Князев с Протасовым на всякий случай покивали согласно головами и полезли в карманы за табачком.

Миллер почувствовал, что они не верят в силу его слов, что они даже не почитают его за большого начальника, и от этого распалился злобой. Надо было сейчас же показать им, как должно офицеру служить своему императору.

— Стройте преступник, — приказал он.

— Рано, — раскурив самокрутку, пояснил Князев. — Одного еще перековывают, да и доктор не подошел.

— Я приказаль — стройте!
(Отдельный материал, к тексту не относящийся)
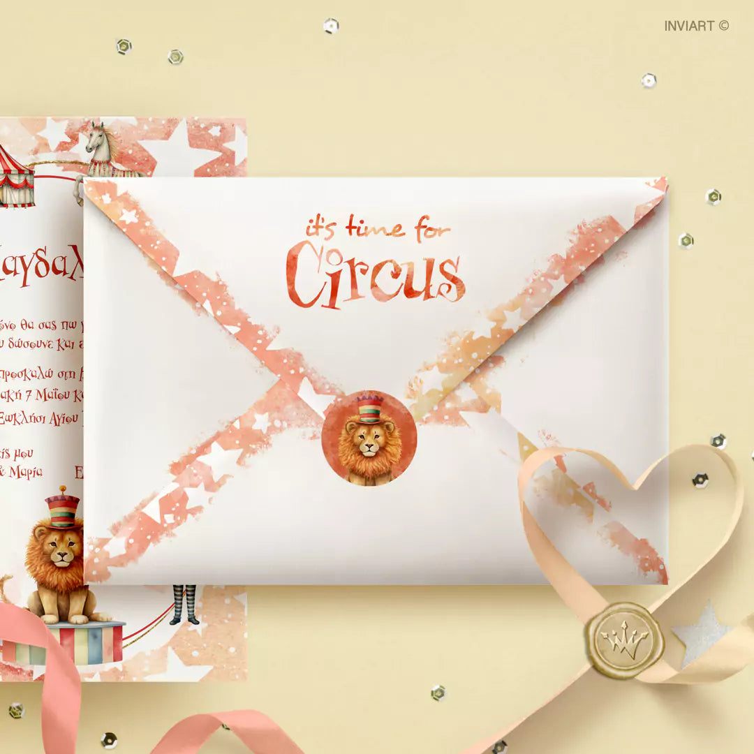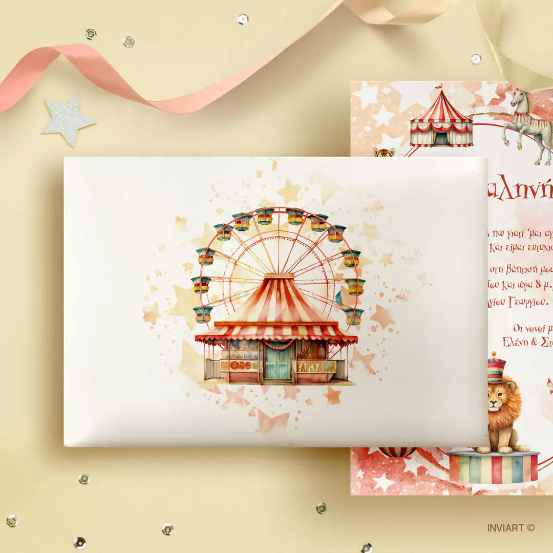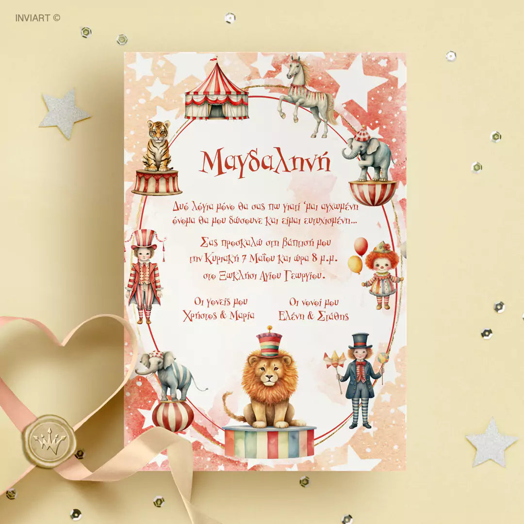 Προσκλητήριο βάπτισης κοριτσιού με θέμα Τσίρκο
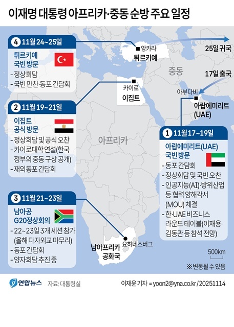 경주 아시아태평양경제협력체(APEC) 정상회의가 종료된 지 16일만에 다시 다자 정상회의 참석을 위해 출국하는 것이다. UAE·이집트·남아공·튀르키예를 차례로 방문하는 7박10일 일정이다.
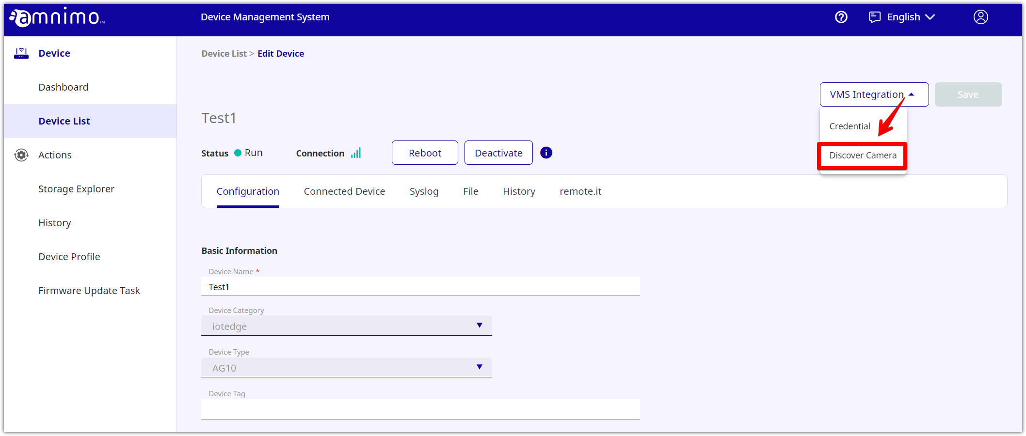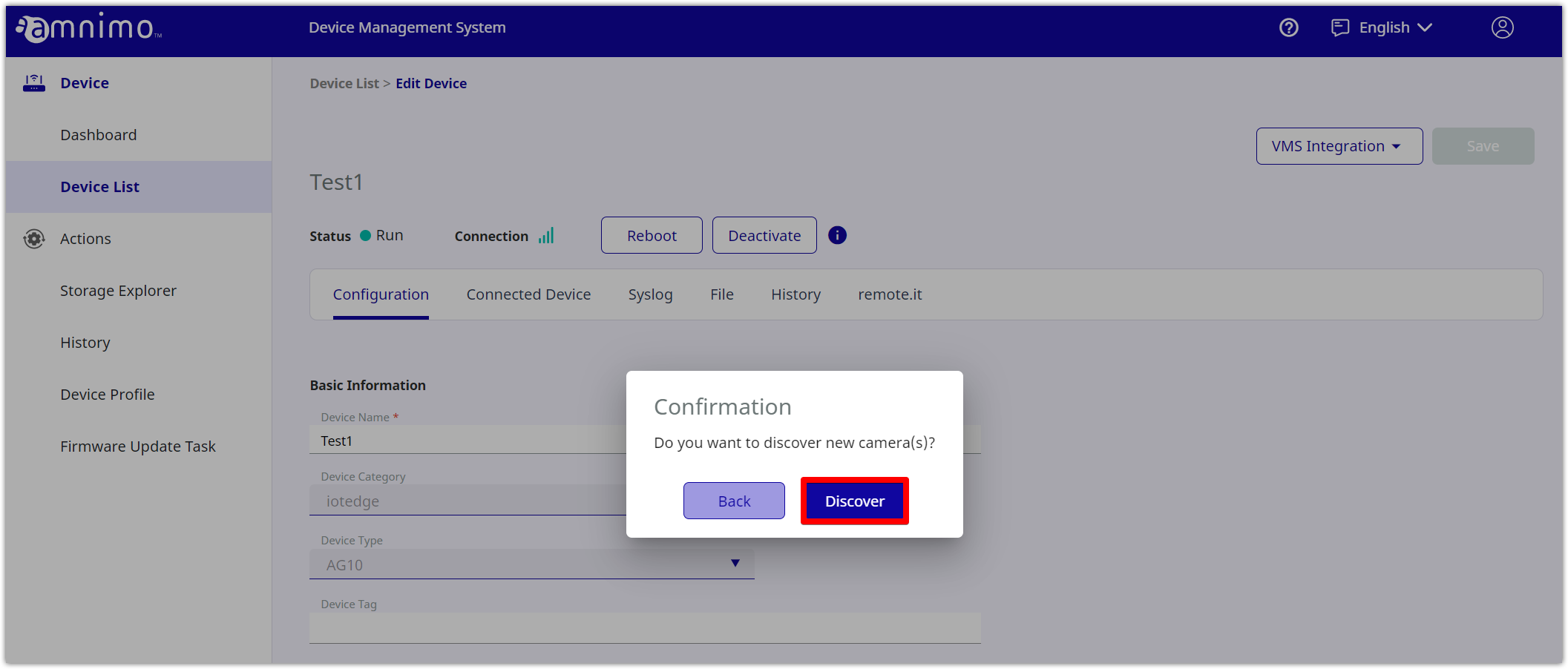 Click the [ VMS Integration ] button, and select [ Discover Camera ].

Вы должны не спорить, а исполнять команду! Не нужень доктор — нужень идти Сибирь! — закричал, побелев от гнева, Миллер.

— Не пори ерошку — строй, — толкнул Князева локтем Протасов.
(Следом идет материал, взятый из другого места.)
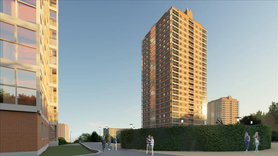 Проектом предусмотрен навесной вентилируемый фасад с облицовочным кирпичем и панорамным остеклением лоджий.
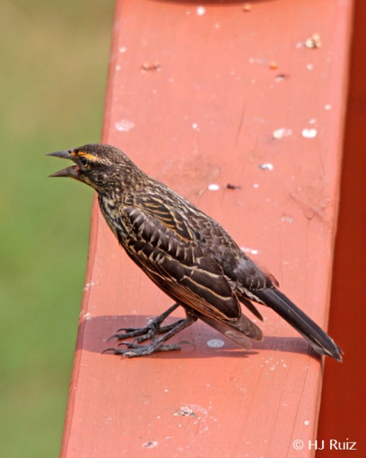 Monday was a day that we got a respite from the scorching heat for about four hours, although did not rain the sky was kind of gray and a bit breezy. You have no idea the amount of birds that began to appear looking for food! It was morning yet and the emptied all feeders, I had to refill them again. I set my camera and started shooting pictures, that’s when I noticed that many of the birds were just immatures and juveniles. It was so exhilarating seeing the little ones getting their own food and you could also see their parents nearby observing.
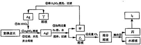 (10分)在已經(jīng)提取氯化鈉、溴、鎂等化學(xué)物質(zhì)的富碘鹵水中,采用下面的工藝流程生產(chǎn)單質(zhì)碘:![]()
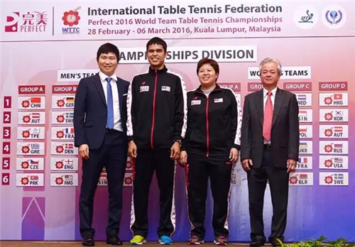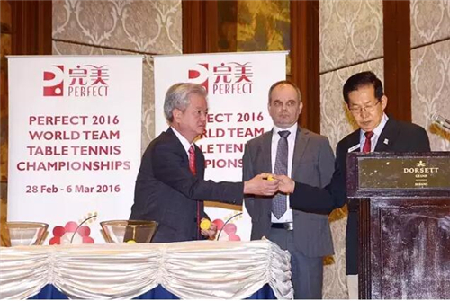 1月16日,2016年吉隆坡乒乓球团体世锦赛抽签仪式在马来西亚举行,完美公司董事长古润金作为马来西亚乒乓总会会长出席仪式,并为世乒赛进行抽签。
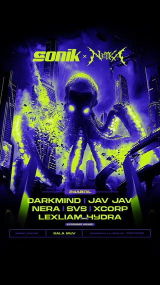 NEOTIKA x SONIK on April 24, 2026 at Sala Muv, Madrid features Nera performing DJ sets.
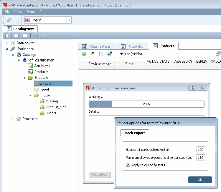 Select the import directory in the structure view [Structure] and click on the Import products from CAD command in the context menu.
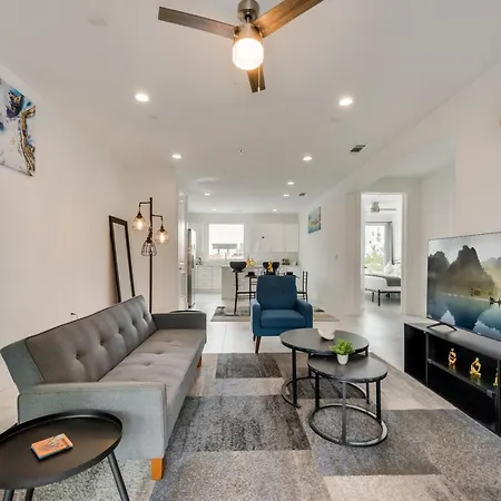 O apartamento Metro View 2Br I Parking I King Bed I Workspace dispõe de cozinha equipada com forno e máquina de lavar loiça. Os hóspedes também podem pegar um autocarro na estação de autocarros E, situada a 550 metros de distância para explorar o resto de Dallas. Os hóspedes podem relaxar no seu pátio.
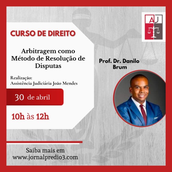 Por por Bianca Del Nero Regattieri A Assistência Judiciária João Mendes (AJ), órgão de orientação jurídica gratuita à população de baixa renda, dos alunos e antigos alunos da Faculdade de Direito do Mackenzie, anuncia a realização do Curso “Arbitragem como Método de Resolução de Disputas”, que será ministrado pelo Prof. Dr. Danilo Brum, Doutorando em... Continuar Lendo →

— Сам строй, — огрызнулся тот. — Не вам с ними идти, вот вы и смелые.

— Немец-то звонкий попался, — показал на побелевшего Миллера один из арестантов своему товарищу, и оба засмеялись. — Чухна заморская!
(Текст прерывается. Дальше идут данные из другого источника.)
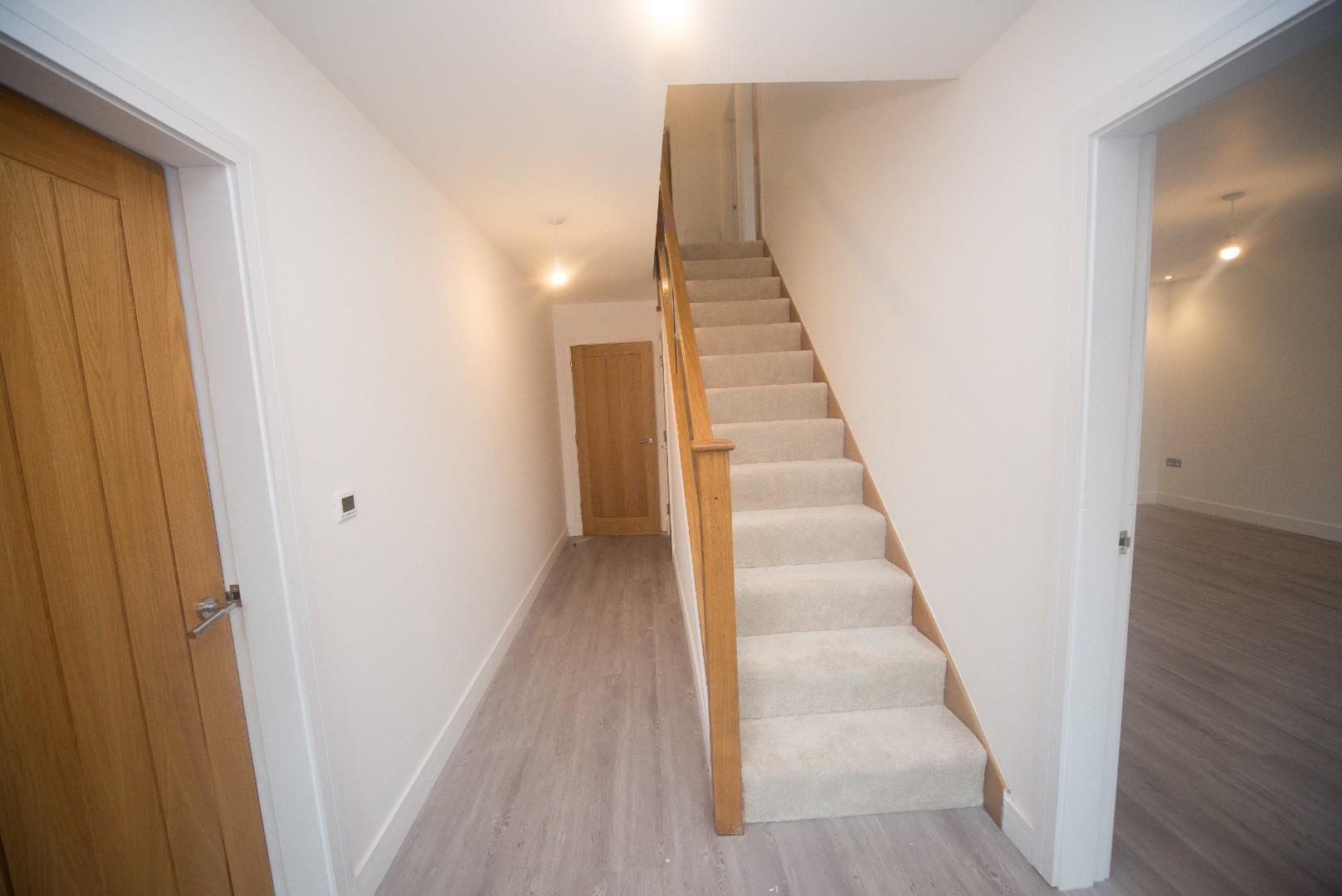 Stairs rise to second floor, radiator and ceiling light point.
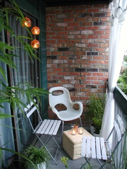 إذا كانت الشرفة ذات عرض قليل ليست شرفة ضيقة وطويلة ، اختر حل للزاوية مثل وضع أريكة أو مقعد بهذه الطريقة يمكنك الاستفادة من عرض الشرفة واستغلال الفضاء بشكل أفضل.
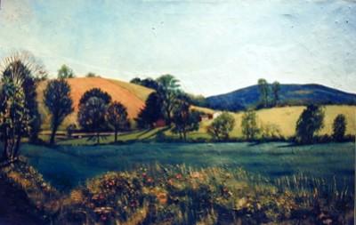J. K. HANSEGGER 769 OIL ON CANVAS GREEN HILLS WITH BARN 37"X24"
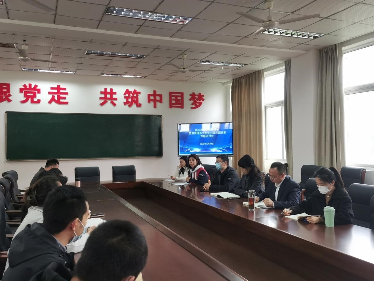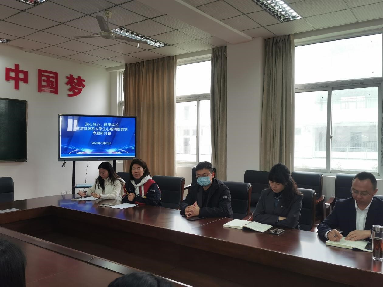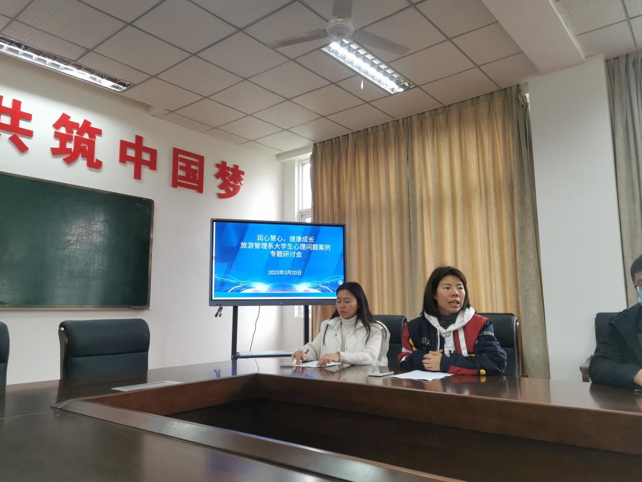 3月20中午,旅游管理系于6教304会议室举办“润心慧心,健康成长”大学生心理问题案例专题研讨会。研讨会邀请了学生工作部心理健康中心姚又丹和唐璐老师进行点评指导,旅游管理系党总支书记陈根元主持会议,系主任张莉、副主任沈超、全体辅导员、专业老师代表参会。
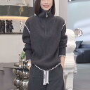 秋服 レディース ファッション オシャレ カワイイ シンプル 大人カワイイ 大きいサイズ ハーフ ジップ セーター 秋冬 厚手 プルオーバー ハイネック ボトニング シャツ トップス

Миллер слов не разобрал, но понял, что арестанты смеются над ним, оскорбляют честь его русского полковничьего мундира. От ярости он даже топнул ногой и ударил себя кулаками по бокам, обтянутым белоснежными панталонами.

— Сечь! Всех надо сечь! Стройте преступник!

Князев разгладил ладонями свой мятый мундир и лениво крикнул унтер-офицеру:

— Митрий! Строй к выходу. — И, развернувшись к Миллеру, успокаивающе доложил: — Не извольте беспокоиться, ваше высокоблагородие. Сейчас построим.

Арестантов спихивали с телег, разлучали с семьями, гнали в строй. Послышались ругань, визг, плач. Но каторжники не растягивались шпалерой, а сходились в кружки, о чем-то переругивались, бросая лютые взгляды в сторону офицеров. Вот уже они столпились в один круг, лишь кое-кто из семейных, раскольники и бывшие благородные — всех человек тридцать — остались в сторонке. Двое молодых конвоиров подошли к толпе, хотели ее растянуть в ряд, но на них не обратили внимания, только крикнули унтер-офицеру, чтоб забрал своих молодцов, пока им кости не переломали. Митрий подозвал солдат к себе.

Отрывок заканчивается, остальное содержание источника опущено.